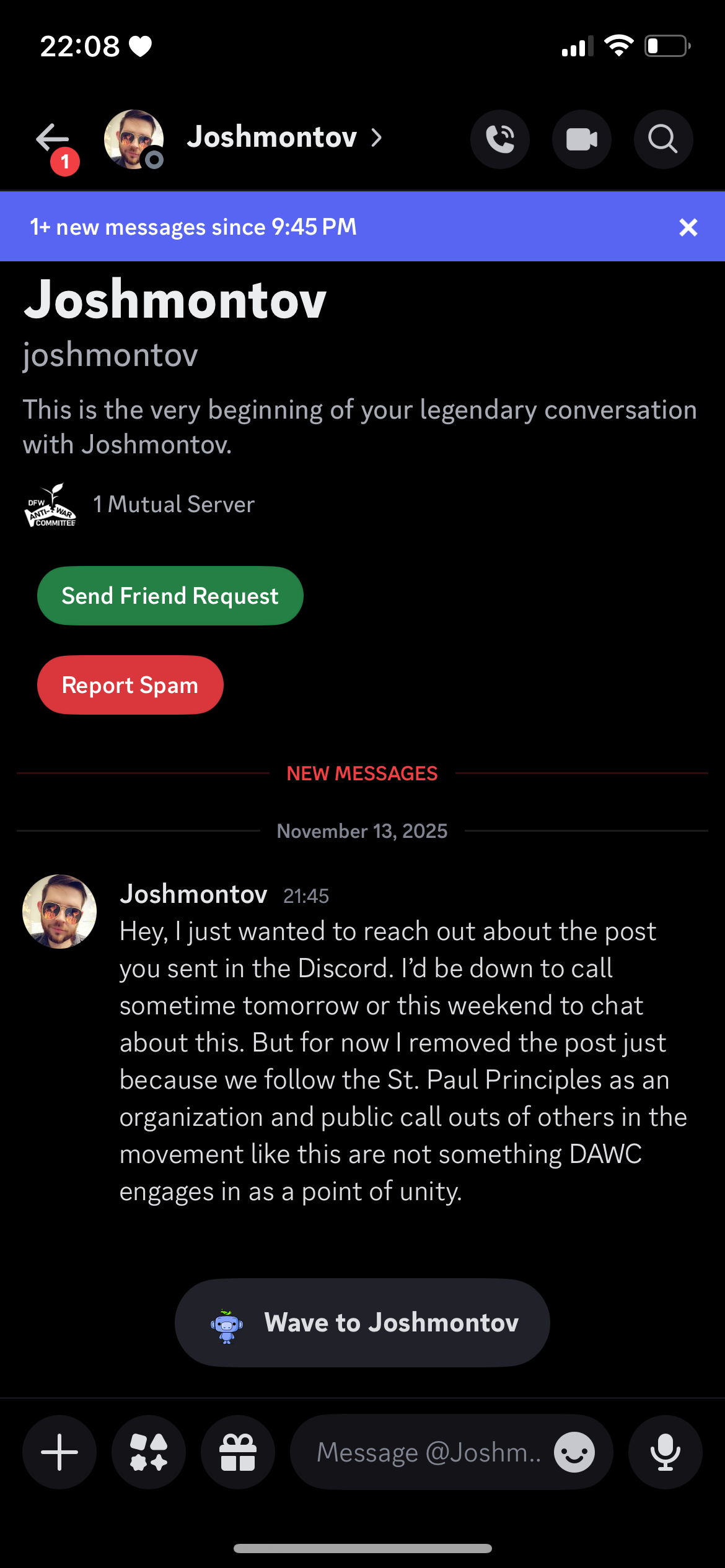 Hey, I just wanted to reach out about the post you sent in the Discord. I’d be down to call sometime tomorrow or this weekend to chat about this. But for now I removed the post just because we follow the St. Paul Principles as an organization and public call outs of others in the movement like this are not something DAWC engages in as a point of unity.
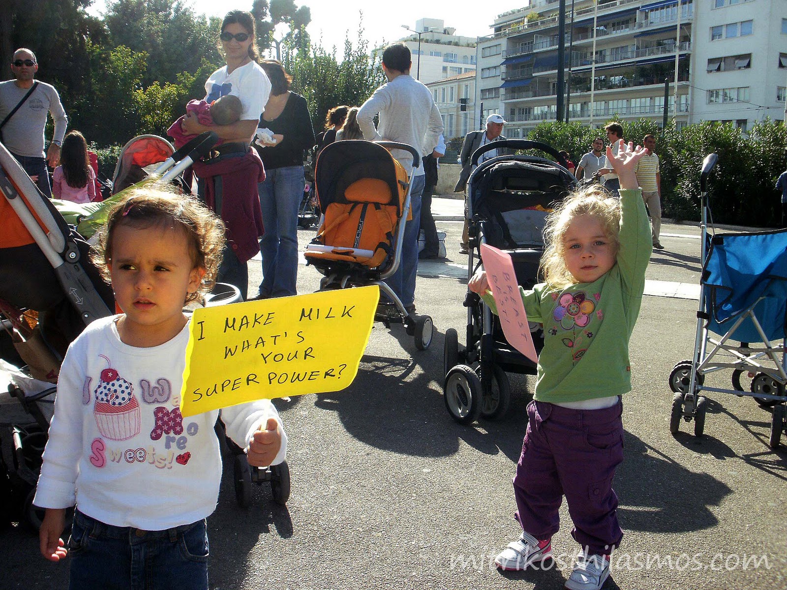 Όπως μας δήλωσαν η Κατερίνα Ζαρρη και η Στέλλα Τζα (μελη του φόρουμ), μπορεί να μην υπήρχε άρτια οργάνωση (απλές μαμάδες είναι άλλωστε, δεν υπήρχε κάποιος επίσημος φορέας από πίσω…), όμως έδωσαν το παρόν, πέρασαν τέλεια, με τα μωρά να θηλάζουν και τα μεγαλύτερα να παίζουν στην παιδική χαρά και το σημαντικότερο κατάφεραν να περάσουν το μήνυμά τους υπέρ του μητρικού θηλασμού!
****************************************
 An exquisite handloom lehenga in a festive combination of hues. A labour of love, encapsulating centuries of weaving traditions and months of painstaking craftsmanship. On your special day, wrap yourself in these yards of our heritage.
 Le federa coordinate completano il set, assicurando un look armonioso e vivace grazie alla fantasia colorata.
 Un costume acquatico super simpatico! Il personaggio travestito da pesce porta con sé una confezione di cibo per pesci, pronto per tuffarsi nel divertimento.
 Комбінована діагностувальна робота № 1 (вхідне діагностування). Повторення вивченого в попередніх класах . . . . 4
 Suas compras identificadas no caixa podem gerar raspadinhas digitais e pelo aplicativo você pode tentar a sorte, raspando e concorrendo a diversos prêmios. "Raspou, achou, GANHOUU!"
****************************************
:: What to produce ::
From the listing above, output exactly the run of lines that starts with the line containing "Un costume acquatico" and ends with the line containing "Suas compras identificadas".

:: Response box ::
 Un costume acquatico super simpatico! Il personaggio travestito da pesce porta con sé una confezione di cibo per pesci, pronto per tuffarsi nel divertimento.
 Комбінована діагностувальна робота № 1 (вхідне діагностування). Повторення вивченого в попередніх класах . . . . 4
 Suas compras identificadas no caixa podem gerar raspadinhas digitais e pelo aplicativo você pode tentar a sorte, raspando e concorrendo a diversos prêmios. "Raspou, achou, GANHOUU!"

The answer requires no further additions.